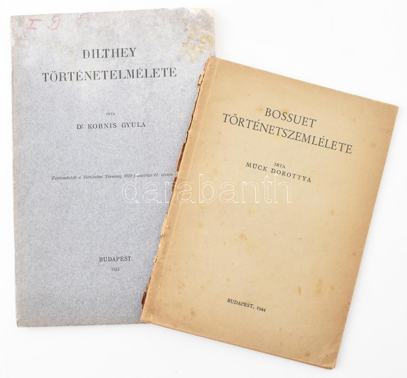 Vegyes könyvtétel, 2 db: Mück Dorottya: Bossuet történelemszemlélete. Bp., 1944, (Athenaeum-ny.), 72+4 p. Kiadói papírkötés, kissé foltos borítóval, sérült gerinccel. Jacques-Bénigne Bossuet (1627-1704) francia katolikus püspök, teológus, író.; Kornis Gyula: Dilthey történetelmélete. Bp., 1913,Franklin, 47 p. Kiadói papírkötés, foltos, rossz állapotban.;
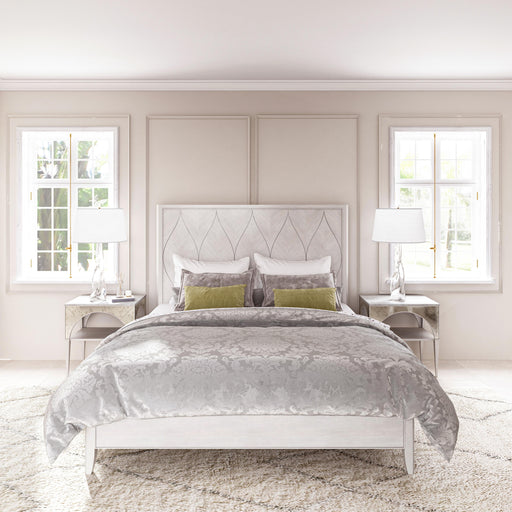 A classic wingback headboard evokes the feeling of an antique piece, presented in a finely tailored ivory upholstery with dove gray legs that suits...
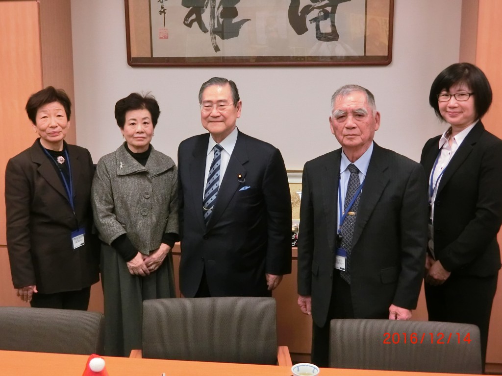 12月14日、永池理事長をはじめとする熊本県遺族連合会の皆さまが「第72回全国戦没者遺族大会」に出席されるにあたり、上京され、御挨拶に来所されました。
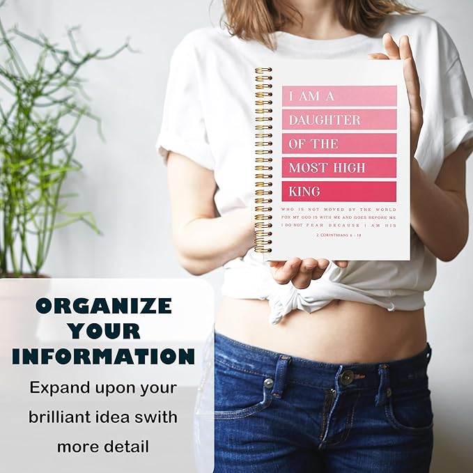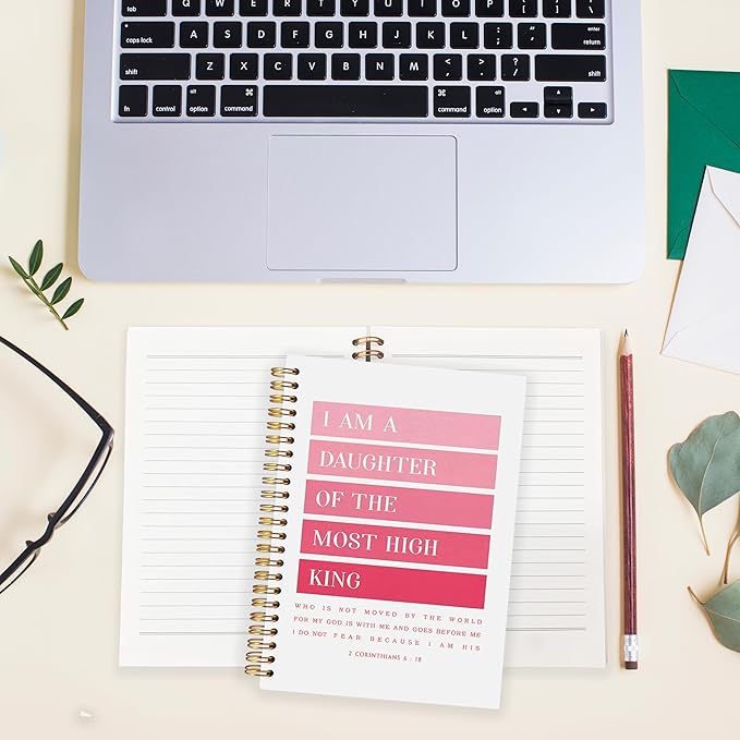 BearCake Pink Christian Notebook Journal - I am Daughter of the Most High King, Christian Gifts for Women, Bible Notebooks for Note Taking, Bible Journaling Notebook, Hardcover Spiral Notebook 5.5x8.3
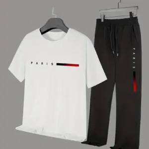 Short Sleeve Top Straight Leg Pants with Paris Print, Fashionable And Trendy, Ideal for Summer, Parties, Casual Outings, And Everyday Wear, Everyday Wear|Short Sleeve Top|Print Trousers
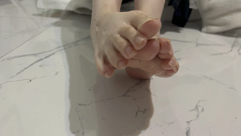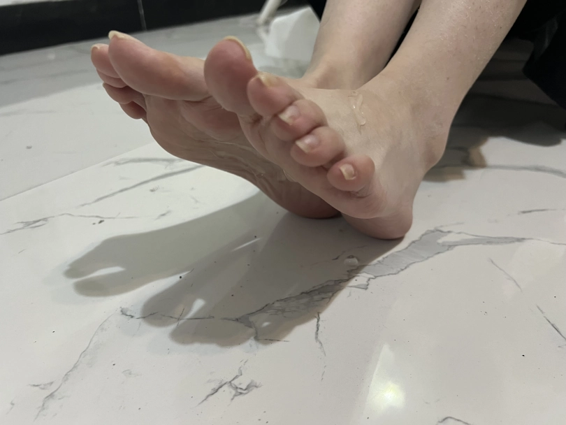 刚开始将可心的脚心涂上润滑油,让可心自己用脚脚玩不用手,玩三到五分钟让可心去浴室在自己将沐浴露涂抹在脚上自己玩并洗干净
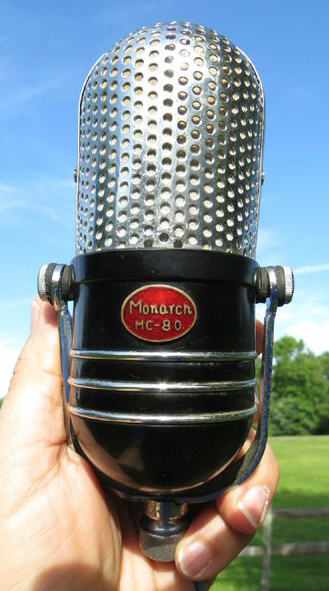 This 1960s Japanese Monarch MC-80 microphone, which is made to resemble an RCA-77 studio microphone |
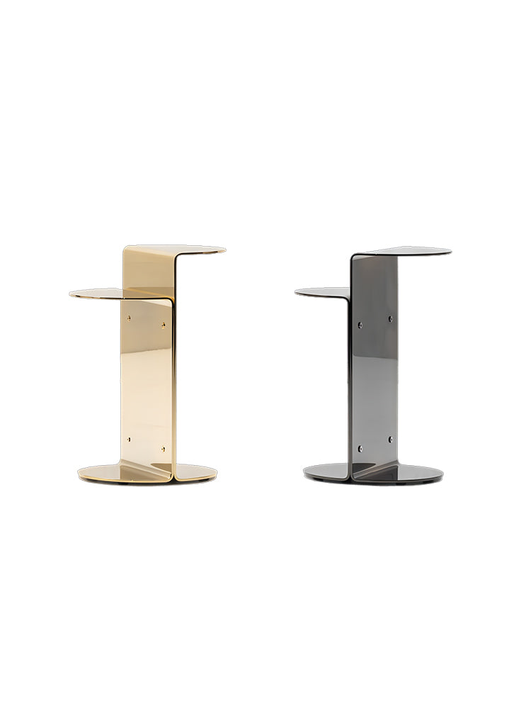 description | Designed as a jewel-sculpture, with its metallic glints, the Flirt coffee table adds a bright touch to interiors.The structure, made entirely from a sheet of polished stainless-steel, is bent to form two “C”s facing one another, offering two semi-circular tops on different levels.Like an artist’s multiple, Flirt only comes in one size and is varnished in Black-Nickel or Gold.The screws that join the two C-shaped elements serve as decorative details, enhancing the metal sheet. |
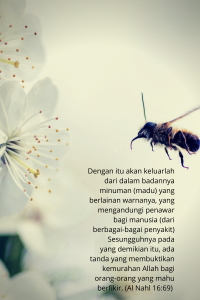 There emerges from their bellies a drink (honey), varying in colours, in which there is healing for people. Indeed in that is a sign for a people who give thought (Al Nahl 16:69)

---

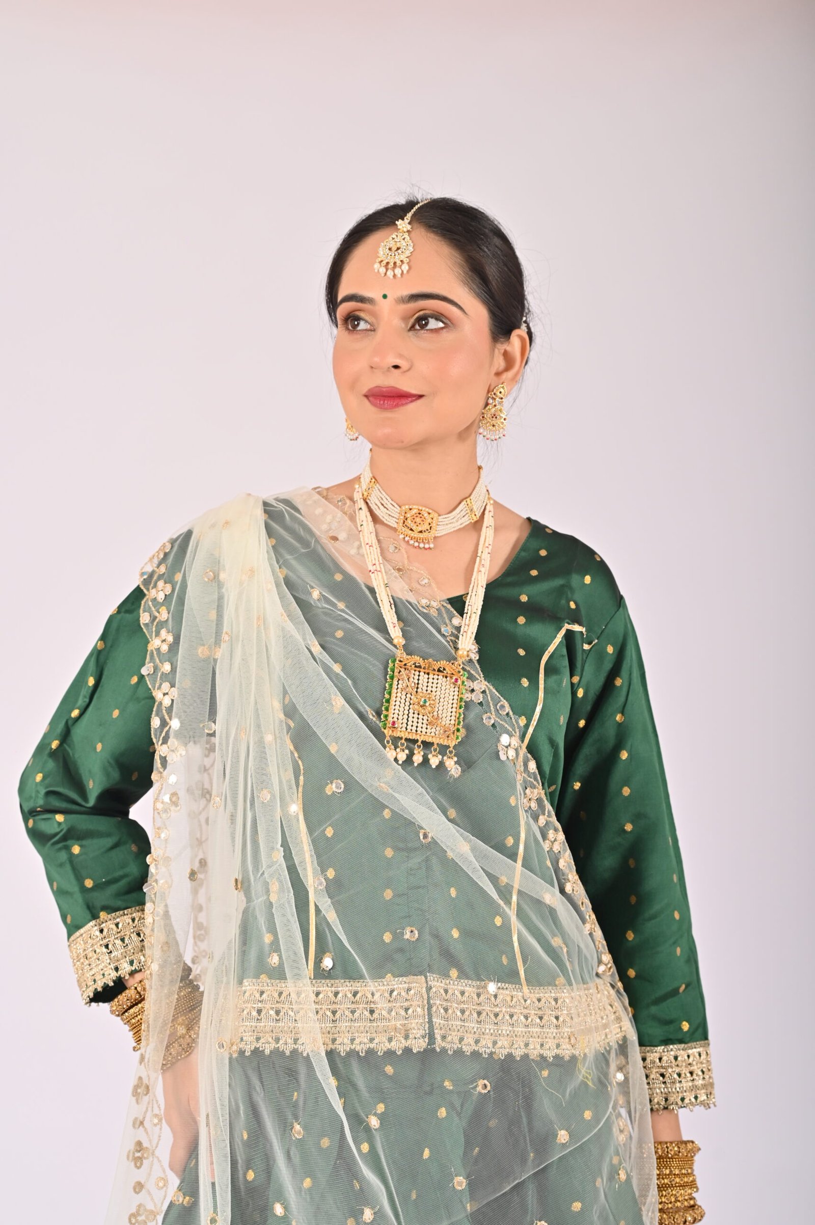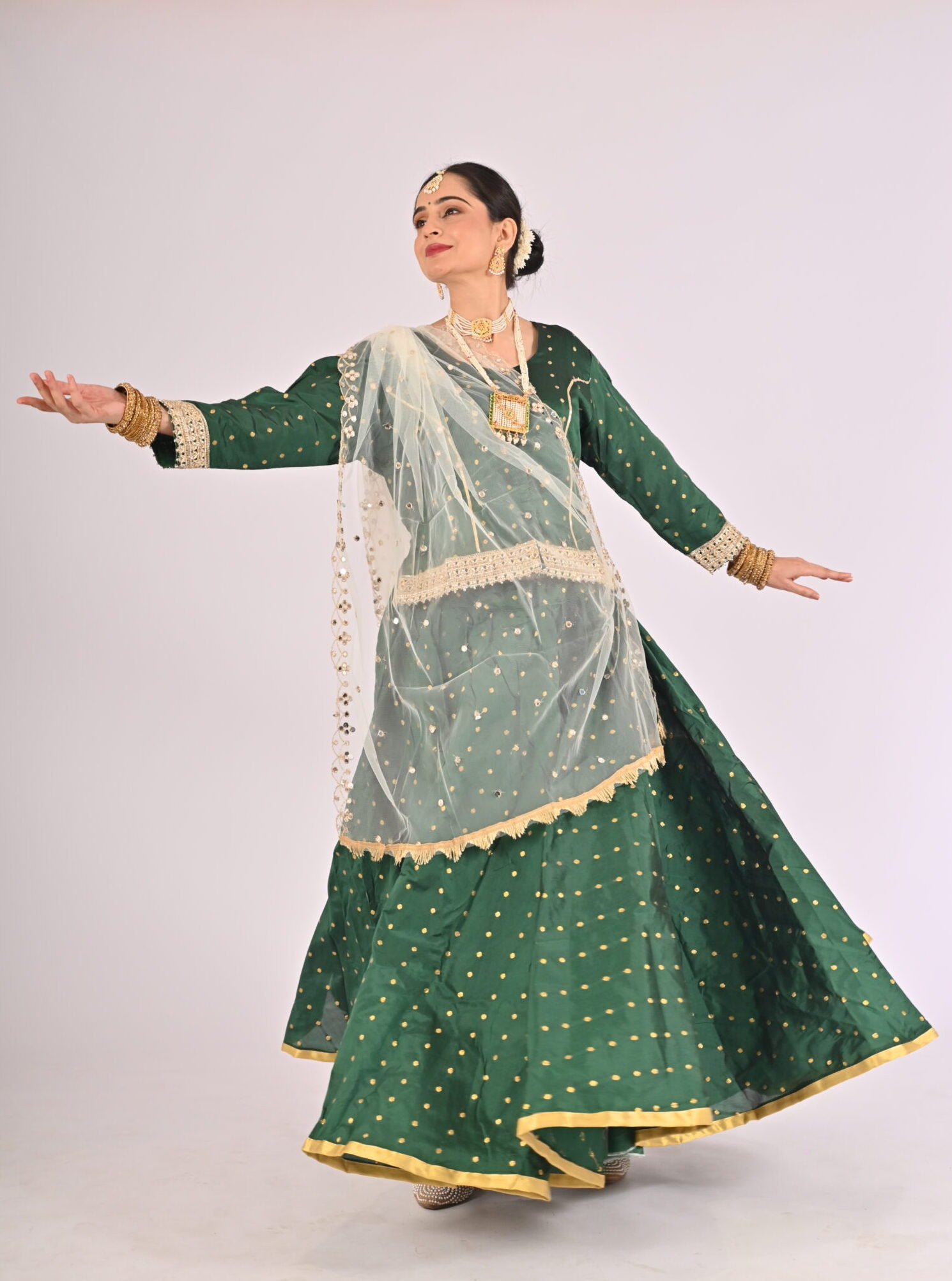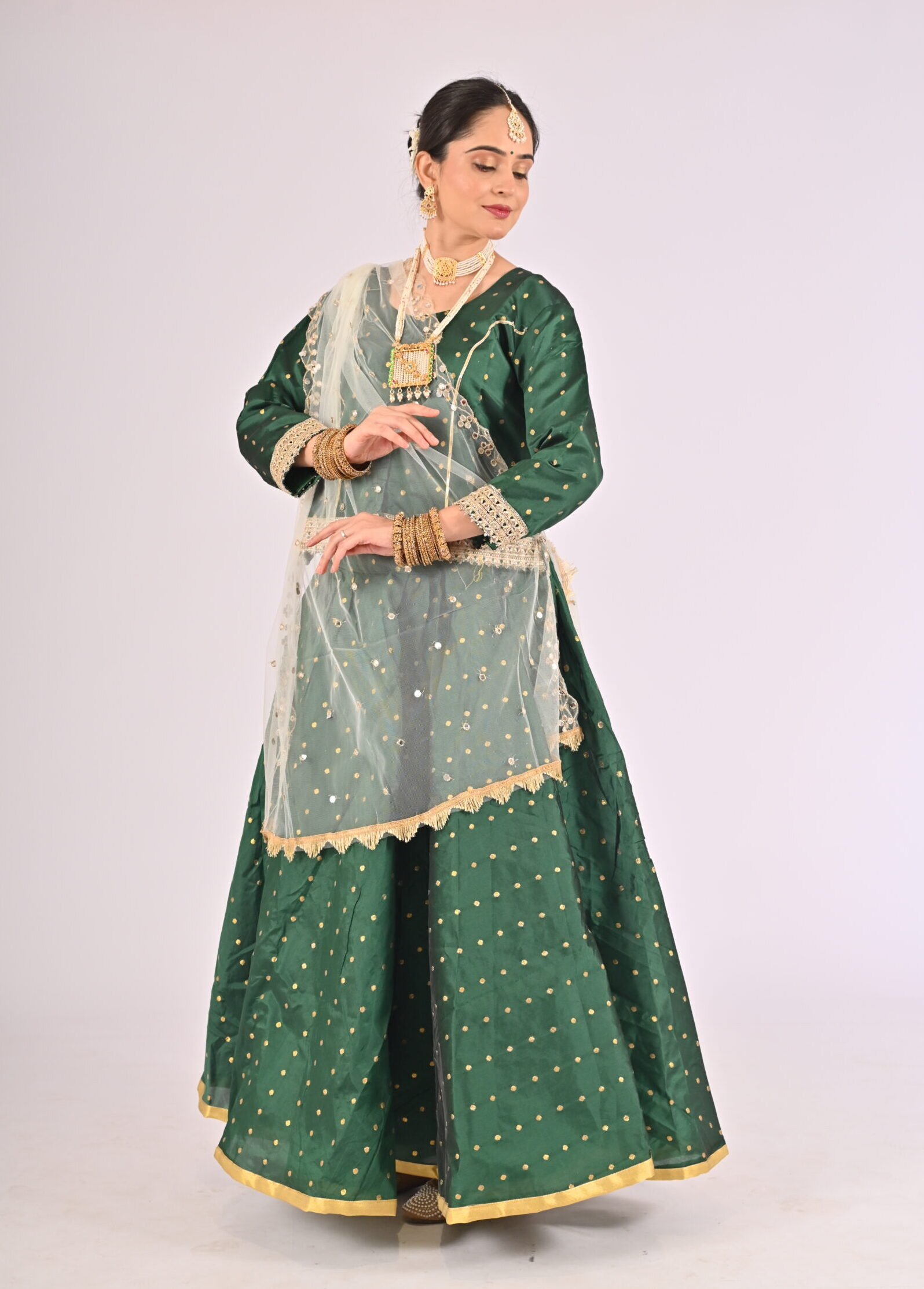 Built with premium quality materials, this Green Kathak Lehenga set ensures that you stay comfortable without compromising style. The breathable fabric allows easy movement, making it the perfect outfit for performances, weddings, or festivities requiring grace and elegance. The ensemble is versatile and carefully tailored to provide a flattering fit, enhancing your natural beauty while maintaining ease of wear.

...

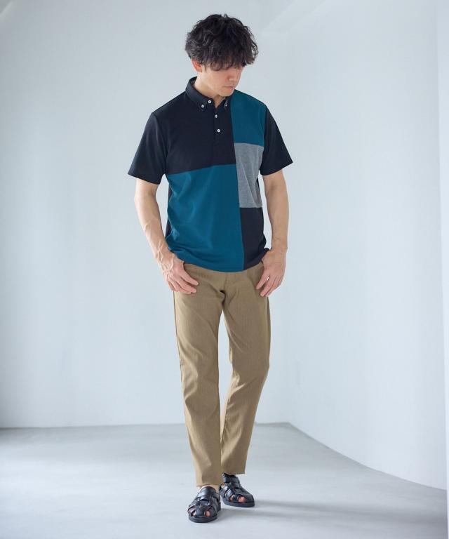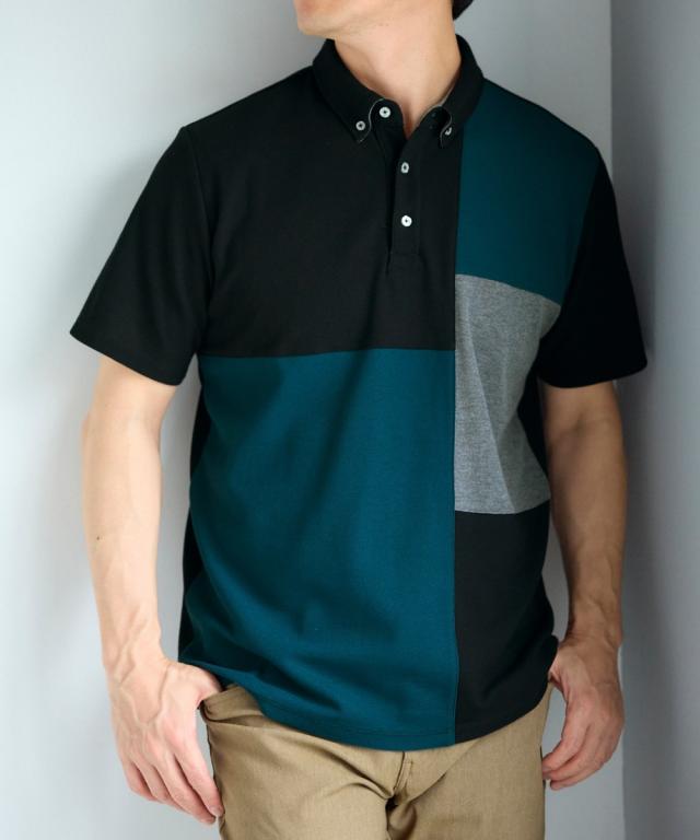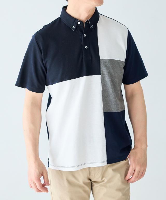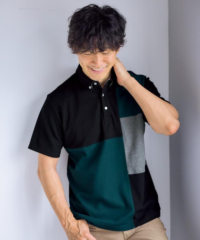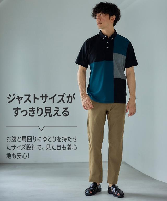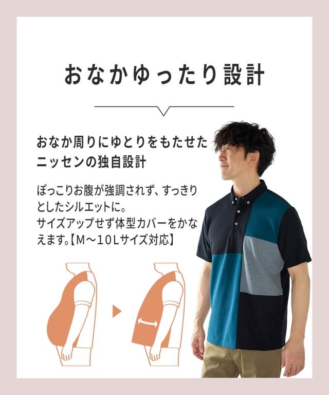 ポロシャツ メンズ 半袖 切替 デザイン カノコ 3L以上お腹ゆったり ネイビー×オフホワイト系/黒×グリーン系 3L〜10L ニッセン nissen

AIM OF THE TASK
Start at the line containing "Vegyes könyvtétel, 2" above and stop at the line containing "A classic wingback". Output those lines exactly, both included, but none of the pictures.

OUTPUT FOR THIS EXERCISE
 Vegyes könyvtétel, 2 db: Mück Dorottya: Bossuet történelemszemlélete. Bp., 1944, (Athenaeum-ny.), 72+4 p. Kiadói papírkötés, kissé foltos borítóval, sérült gerinccel. Jacques-Bénigne Bossuet (1627-1704) francia katolikus püspök, teológus, író.; Kornis Gyula: Dilthey történetelmélete. Bp., 1913,Franklin, 47 p. Kiadói papírkötés, foltos, rossz állapotban.;
 A classic wingback headboard evokes the feeling of an antique piece, presented in a finely tailored ivory upholstery with dove gray legs that suits...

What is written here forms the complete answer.